When God Doesn't Speak Your Language
(Pioneers)

Despite technology that instantly connects the world, one-third of all languages today still don’t have a Scripture translation, and only 6 percent have the entire Bible. These ministries are rapidly changing that.

Samuel Mubbala came to know Christ as Savior in 1970 while working on an early translation of the Lugwere language Bible. In those days, the Bible used in his Ugandan community was in Luganda. Though it was a language of wider communication in the area, few in Mubbala’s people group (known as the Bagwere) understood it.

“To me, it felt like God was a Sunday visitor who came dressed in ceremonial garments, speaking the Luganda language, and would vanish after the service,” Mubbala says.

After hitting various dead ends on the version over the years, Wycliffe Bible Translators sent missionaries to the people group of 500,000 in 1999. Since then work has proceeded at a lightning-quick pace compared with previous efforts.

Mubbala and others received training in literacy and translation techniques. Among other steps: building an office to house the project, establishing a committee to oversee it, standardizing the language and starting a Lugwere dictionary that is nearly done.

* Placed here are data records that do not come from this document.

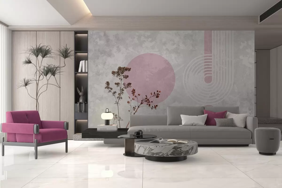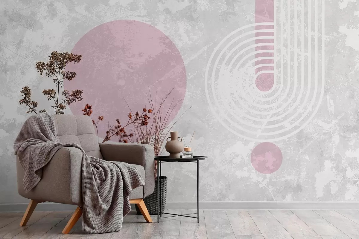 Fototapet grunge modern geometri med torkade blommor Nr. w03459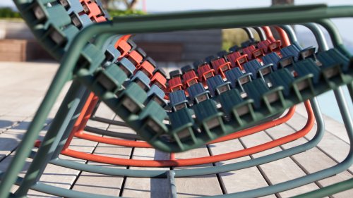 Alle Farben sind mit Armlehnen aus Bambus oder Aluminium erhältlich.
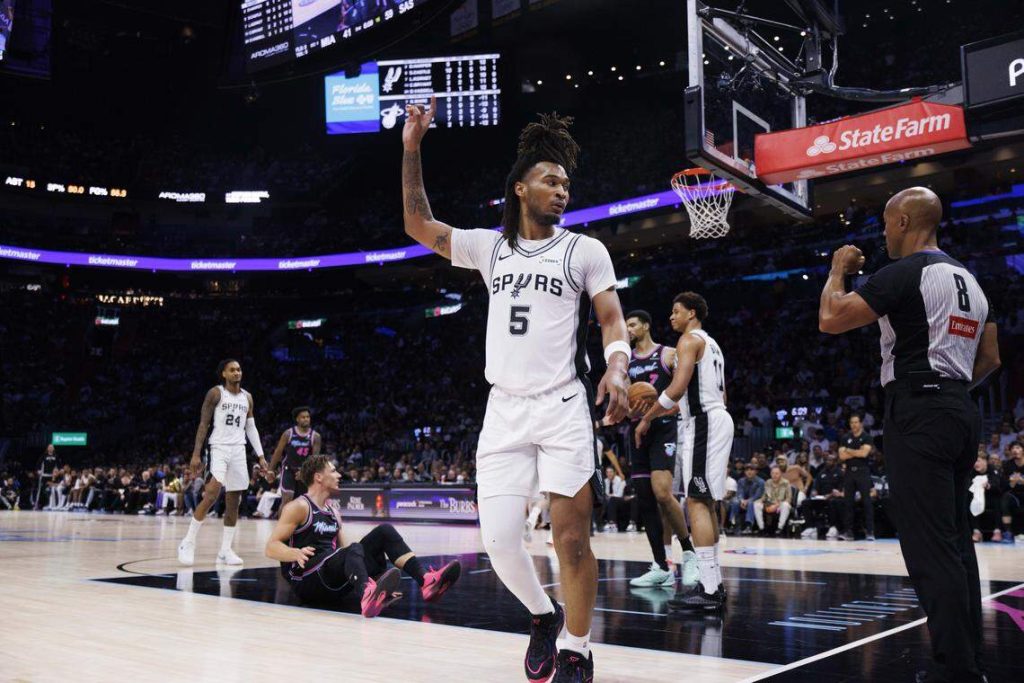 They picked up D’Aaron Fox last season and have Harrison Barnes on the team for veteran presence. The team has “leveled-up” to compete for titles. The players didn’t just depend on Wemby to carry them on offense. They shot lights out. Dylan Harper had a moment in the first half when he bullied Tyler Herro to the hoop for a layup. Harper turned around, looked at Herro and made a gesture to him that he was “too small.”

Today more than half the New Testament is complete, with four books published to stimulate reading while people await the finished product. Professing Christians now number 2 percent of the population, with many indigenous Pentecostal churches formed in addition to mainstream denominations. 

“The Lugwere Bible translation seems to be the anchor of Christianity in the community,” says Mubbala, team leader of the project.

As rapid as advancements in eastern Uganda appear, the speed at which translations are being completed around the globe is even faster. Thanks to technology, more reliance on native translators and better cooperation among agencies, the Bible is headed for every corner of the world. Much remains to be done, since approximately 2,000 of the world’s 6,800-plus languages still don’t have a translation. Many that do don’t have the full Bible. Yet the 30-plus years it often took to complete a translation has been cut in half by some. The World Bible Translation Center in Arlington, Texas, reports finishing a New Testament in just three years.

“There’s an end-times element to this,” says Jim Thompson, regional field director for Chicago-based Bible League International. “In Matthew 24:14, Jesus said the gospel of the kingdom would be preached to all people groups and then the end shall come. God the Father desires that every people group, which includes culture and language groups, be able to hear about Jesus Christ.”

Technology Brings extreme change

Today this goal is unfolding via developments once only dreamed of in science-fiction novels. One example is a translation taking place on a remote island in Indonesia under the direction of The Seed Company, a subsidiary of Wycliffe. Larry Jones, senior vice president of field programs, says satellites that came online in 2009 enabled his wife to connect via the Internet with a friend in the rain forest. Thanks to electronic exchanges, the translation that used to drag because of difficult travel and long lapses in contact is nearing completion.

“What this has enabled them to do is involve many people in this final revision process,” Jones says. “That they can do that on-site involves many more people and so they’re getting a higher quality product. They’re getting more engagement with the community, which is excited about getting Scripture in their own language, and they’re also getting it much faster.”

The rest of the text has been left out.